Malgré les avancées dans les négociations, des efforts sont encore nécessaires sur les questions très politiques de l’atténuation et du financement, a poursuivi le Secrétaire exécutif.  Pour que l’accord de Copenhague soit effectif, il faut que tous les pays développés se fixent des objectifs ambitieux à moyen terme.  Aujourd’hui, les engagements des pays développés sont toujours en deçà de ce que les scientifiques préconisent, à savoir un retour au niveau d’émissions d’avant 1992, a-t-il souligné.  Quant aux pays en développement, ils ont besoin du soutien technique et financier nécessaire, à long terme, et un renforcement de ce financement est la base pour un accord de Copenhague efficace et réaliste, en particulier un accord sur les financements publics. 


En dépit de lacunes encore à combler, je sens que l’on est vraiment désireux d’arriver à un accord, a-t-il poursuivi, rappelant qu’il était absolument essentiel d’agir contre les changements climatiques, compte tenu de leurs conséquences sur les femmes et les plus vulnérables, ainsi que sur leurs liens avec les conflits « qui doivent être reconnus ».  M. De Boer a, enfin, appelé à saisir l’occasion de Copenhague: vos négociateurs ont six jours avant l’arrivée des ministres; vos ministres auront deux jours avant l’arrivée des chefs d’État, vous aurez huit jours, en tout, pour y parvenir, a-t-il lancé.  


M. CARSTEN STAUR, Représentant permanent du Danemark, a indiqué que l’accord de Copenhague devait renforcer la voie menant à l’établissement d’un cadre juridique en matière de changements climatiques.  Réclamant une action vigoureuse de la part des États Membres, il a souhaité que l’accord de Copenhague parte des progrès déjà accomplis pendant les négociations et recommande des actions immédiates.  M. Staur a prôné la conclusion d’un accord au contenu solide qui prenne en compte toutes les facettes de l’Accord de Bali et qui fournisse des directives dans les domaines de l’atténuation, de l’adaptation et de l’accès aux technologies.  Cet accord doit se fonder sur le principe de la responsabilité partagée mais différenciée et assumée, a-t-il ajouté. 

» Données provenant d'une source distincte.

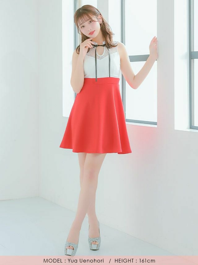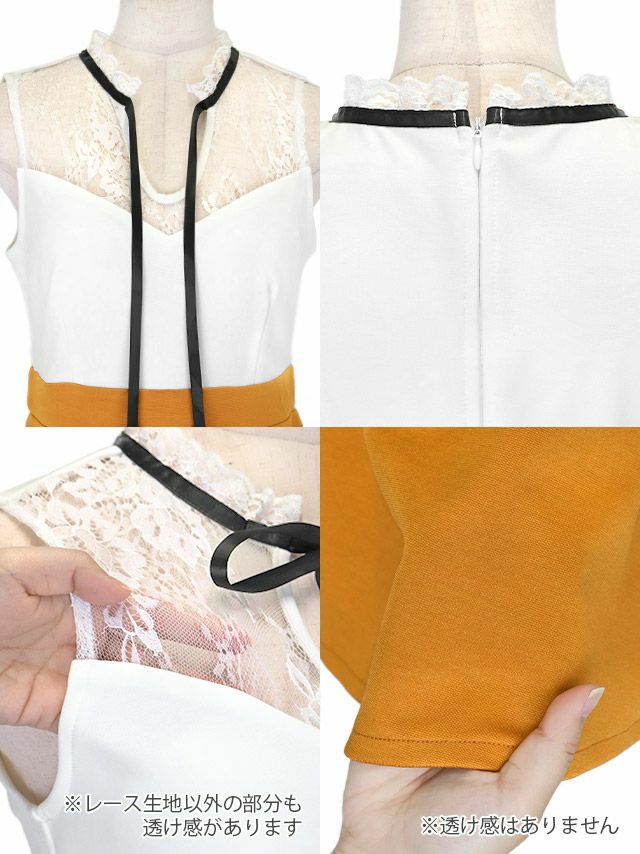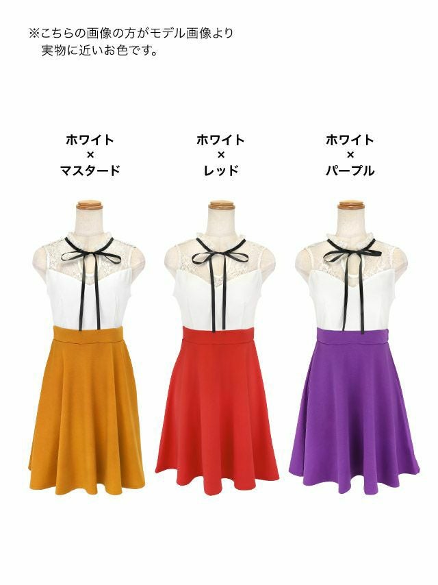ノースリーブレースネックリボンバイカラー切り替えフレアミニドレス

L’accord de Copenhague sera contraignant, « même si nous ne pouvons en prévoir tous les détails », a-t-il insisté, en parlant d’un document qui « représentera une base solide pour les prochains accords en matière de changements climatiques ».  M. Staur a réclamé des engagements individuels de la part de chaque pays.  C’est la seule façon d’aller de l’avant, a-t-il affirmé. 


Mme TRUDIE STYLER, Cofondatrice de Rainforest Foundation et Ambassadrice de bonne volonté du Fonds des Nations Unies pour l’enfance (UNICEF), a estimé que les activités de sa Fondation ne seront jamais suffisantes face à l’implacable vague d’appropriation des terres, d’abattage et de dégradation par les multinationales.  Elle a jugé qu’il était temps que les gouvernements, les patrons d’industrie et les populations autochtones travaillent ensemble pour préserver la forêt tropicale.


Il est temps, pas en 2020 ni 2050, mais maintenant d’assumer notre responsabilité d’arrêter les émissions de carbone de manière décisive et urgente, a plaidé l’épouse du chanteur anglais, Sting.  Il suffirait tout simplement d’arrêter la déforestation, a-t-elle souligné.  Pourquoi ne le faisons nous pas, s’est-elle impatientée.


Concluant, Mme Styler a estimé que nous étions à un point de non-retour de l’histoire.  Nous ne devons pas faire le choix entre l’économie et l’environnement.  Une transition vers un système économique propre ouvrira d’énormes opportunités, a-t-elle déclaré.  À Copenhague, a-t-elle dit en s’adressant aux délégations, ne vous arrêtez pas aux salutations et aux belles paroles.  Rejetez les compromis car les signes ne sont pas bons.  Trop de gens puissants se comportent avec une irresponsabilité choquante, a-t-elle dit.  Au lieu d’affronter les défis des changements climatiques, ils privilégient des solutions à court terme, a-t-elle déploré en guise de conclusion.  Vous serez jugés par vos enfants, vos petits-enfants et les générations à venir.  Ils vous demanderont si vous avez vraiment tout fait pour arrêter les changements climatiques, a-t-elle prévenu.